PARIS, France - Polish teenager Iga Swiatek kept up her winning ways at Roland Garros, dispatching the always dangerous Hsieh Su-Wei, 6-1, 6-4 to return to the third round for a second straight year.
"I was pretty confident," she said in her post-match press conference. "When I look at the draw, I don't care who I'm going to play, because I have a feeling that I have to win with everybody to win a tournament so it doesn't really matter."
Trailing 4-1 in the second set, Swiatek played impeccable tennis to ease past the veteran and advance after 67 minutes on Court 7.
Though the pair were facing off for the first time in singles, Swiatek shared a history with Hsieh that dates back nearly a decade, having shared the court with the WTA Doubles World No.1 during a clinic in Warsaw.
"In the back of my mind I was a little bit worried, because she has a strange style of game. I have never played against her. I remember that we played a practice...well, besides the match that we played when I was, like, 10 years old, we didn't play against each other. I just practiced with her for 20 minutes in Cincinnati last year."
😍Who would've thought that I already played doubles with one of the best doubles players in the world?— Iga Świątek (@iga_swiatek) September 10, 2020
10 years later we're on the same tour and I'm able to compete at this level on a daily basis...😍 #ballkid #warsawopen pic.twitter.com/pbL1UX5lua
Both women have achieved much since that fateful afternoon, with the Polish teenager continuing to make milestones in Paris, shocking 2019 runner-up Marketa Vondrousova in the first round.
"You always have to be alert when you play Grand Slams. I feel more confident basically after the first round, so I think it helps a lot. I just feel better here than on other tournaments.
"The fact that I won the first match so 'easily,' as it may seem from the score, it just gave me confidence, so I think it helps."
The unseeded Swiatek was similarly ruthless to start their second round on Tuesday, striking nine winners to sweep through the opening set in under 30 minutes.
"I was kind of worried that I'm gonna struggle to find the rhythm, because her spin is so weird and it's always like she doesn't play topspin. On clay, it's especially weird. When the balls are really heavy, that may be tricky, but I think I just played aggressive and I didn't let her play her game."
Hsieh, the 2014 women's doubles champion, reached the third round of Roland Garros back in 2017 with a win over British No.1 Johanna Konta - kicking off a singles renaissance that saw her defeat the likes of Agnieszka Radwanska, Garbiñe Muguruza, and Simona Halep over the next 18 months - and began the second set with a first hold of serve, smacking a two-handed forehand into the open court.
Another winner, this time off the backhand side, secured the break for the Chinese Taipei veteran and helped her within a point of a 3-0 lead. While Swiatek bravely battled through a marathon third game that saw her convert a sixth break point opportunity, Hsieh was undaunted and moved ahead 4-1.
"I was struggling at the beginning of second set. I think I lost my focus basically, and my dialogue to myself wasn't very optimistic because I was thinking all the time that I can't find the rhythm.
"I just changed that immediately when I realized that it got out of control. I think everything was in my head, because tactically I played very well in first set, and in last five games of second set."
Swiatek caught fire from there, overpowering Hsieh in an aggressive display to win 20 of the final 25 points to roar into the Round of 32. Serving for the match, the teen punctuated the contest with one last backhand blast.

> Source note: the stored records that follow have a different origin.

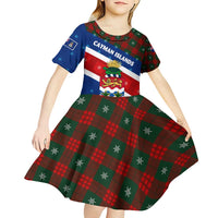Cayman Islands Xmas Kid Short Sleeve Dress Christmas Plaid Turtle and Coat of Arms Red Green Blue
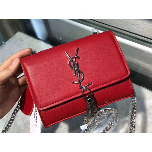 Portofel Saint Laurent Kate cu lanț din piele de vițel roșu
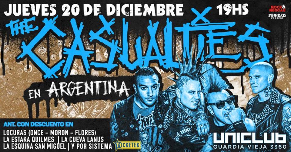 Directo de Nueva York llegan los reyes del Street Punk! THE CASUALTIES en Argentina! The Casualties regresa para presentar su reciente disco “Written in Blood”, editado por el sello Cleopatra. Desembarcarán en Buenos Aires, en medio una gira latina llamada “Ya Basta” y que incluye presentaciones en Mexico, Colombia, Chile y Paraguay. Será la primera vez por estas tierras con su nuevo e increíble cantante, Dave Rodríguez, quien reemplaza a Jorge Herrera quien hace mas de un año abandonó al grupo luego de 27 años. JUEVES 20 DE DICIEMBRE THE CASUALTIES EN UNICLUB |

"I just have a different mindset. I love the courts and I love like being here. I love the surface. I always have like good memories from here, even when I lost the matches that I shouldn't, like in 2018. I mean, it's not that I shouldn't, because Caty McNally played very well in semifinal of juniors, but I kind of wanted to win the whole Grand Slam, so I was disappointed.
"But I always learned a lot here, and most of big steps that I had in my career was basically here. Even last year when I lost against Simona on Philippe Chatrier and the match was, it lasted like 40 minutes, it was a big lesson for me."

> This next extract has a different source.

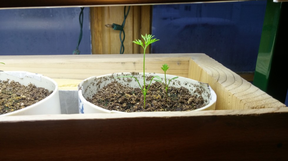 This is y we plant at least 2 carrots per pipe. The one is way farther ahead of the other. This is the difference between a 4 lb carrot or a 8 lb plus carrot even this early on. One pipe had 3 duds that were way behind so I started more to replace them.

In all, she struck 24 winners to 17 unforced errors and converted six of 16 break point opportunities, winning nearly 60% of points played on the Hsieh serve. Though Hsieh impressed early in the second set, a 20% winning percentage behind her second serve ultimately proved her undoing.
Standing between Swiatek and a return to the second week in Paris is former World No.5 Eugenie Bouchard, who rallied from a set down to defeat Daria Gavrilova to enjoy her best run on the terre battue since reaching the semifinals in 2014.
"I was so focused on this round. I wasn't even thinking about third round. So I'm just going to talk with my coach about it, really."